Si la chute de cheveux perdure au-delà de 6 mois

Un bilan hormonal est conseillé, pour s’assurer qu’il n’y a pas de trouble particulier. Dans les périodes de puberté, grossesse et ménopause, la balance hormonale est modifiée et peut occasionner une chute. Toutefois, chez les femmes ménopausées sous traitement hormonal substitutif, on observe moins d’alopécies.

La cause 

Chez certaines personnes, on note une hypersensibilité des follicules pileux aux hormones mâles.

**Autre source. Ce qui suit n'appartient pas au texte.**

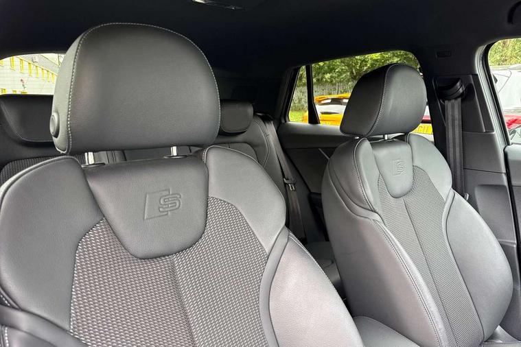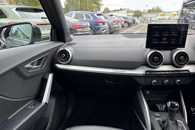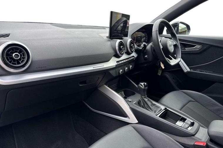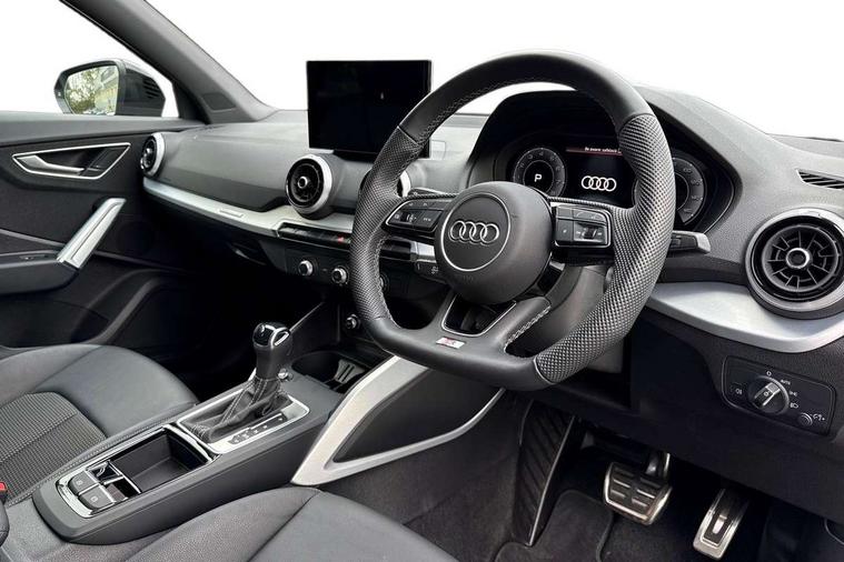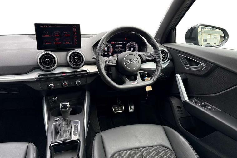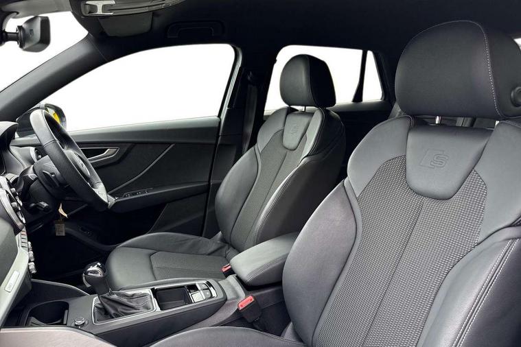 3D map display, Audi connect navigation and infotainment includes innovative services, Audi connect remote and control connects your vehicle to your smartphone, Audi drive select: S tronic - power steering assistance + engine + gearshift (modes: comfort, auto, dynamic, efficiency, individual), Audi smartphone interface - Apple carplay/Android Auto, USB connect, 2xSDXC card readers, voice control for navi, telephone, music and 3rd party apps, Audi virtual cockpit, Automatic start/stop system with recuperation, Bluetooth interface includes bluetooth audio streaming, Camera based traffic sign recognition, Cruise control, Distraction and Fatigue warning, E-call, Jukebox hard drive memory for music (10GB), Lane departure warning, MMI navigation plus with 8.8" touchscreen, Natural voice recognition, Power operated tailgate, Progressive steering, Rear parking sensors, Sport suspension, 6 passive loudspeakers, DAB Digital radio, USB type C port, Audi beam, Auto dimming rear view mirror, Black window trims, Bumper in full body colour paint finish, Electrically adjustable, folding, auto dimming and heated door mirrors with integrated LED side indicators, Front windscreen with grey tinted sunband, LED daytime running lights, LED headlights with dipped beam, high beam, position lights, indicators, LED rear lights, LED third brake light, Privacy glass - dark tinted rear and rear side windows from B-pillar backwards, Rear side wing doors, Rear wiper, Variable front intermittent wipers, Wheel arch trims in manhattan grey, 12v socket in front, 3 seat bench in 2nd row, 3 spoke flat bottomed multi-function leather sport steering wheel with gear shift paddles, 4-way electric lumbar support for front seats including manual seat height adjustment for both front seats, 60/40 split folding rear seat bench, Black carpets, Black cloth headlining, Front and rear head restraints, Front centre armrest, Front sport seats, Front/rear floor mats, Height/reach adjust steering wheel, Illuminated door sill trims with S logo, ISOFIX child seat mounting in front passenger and rear outer seats, Manual air conditioning, Single front passenger seat, Stainless steel pedals, Black styling pack - Q2, 3x3 point rear seatbelts, 6 airbags - Front, curtain and front side airbags, Electromechanical parking brake, Electronic stabilisation control including ABS, ASR and EDL, Front passenger airbag deactivation, Hill hold assist, Pre-sense front with pedestrian recognition, Seatbelt monitoring, Tyre pressure warning light with visual and acoustic warning, Warning triangle and first aid kit, Anti theft alarm, Anti theft wheel bolts, Electronically operated child locks, Remote central door locking, Aluminium interior element, Black dashboard, Gloss black centre console, Matt brushed aluminium trim inlays, Tool kit,

La testostérone se transforme sous l’action d’une enzyme, la 5-alpha réductase, en dihydrotestostérone (ou DHT), qui provoque un emballement du cycle de croissance des cheveux et conduit à l’épuisement précoce du renouvellement des follicules pileux. Les cheveux commencent par devenir de plus en plus fins, puis tombent. Il y a un caractère familial également dans tout cela. Si votre mère, votre tante ou votre grand-mère perdaient leurs cheveux, il y a malheureusement une chance pour que vous les perdiez aussi. La chute se manifeste le plus souvent au niveau du vertex (sommet du crâne) ou dans la zone frontale (surtout chez les femmes qui ont des coiffures très tirées et serrées), avec un recul de la lisière des cheveux de 2 à 3 cm, ce qui est encore plus mal vécu. L’alopécie diffuse est plus rare.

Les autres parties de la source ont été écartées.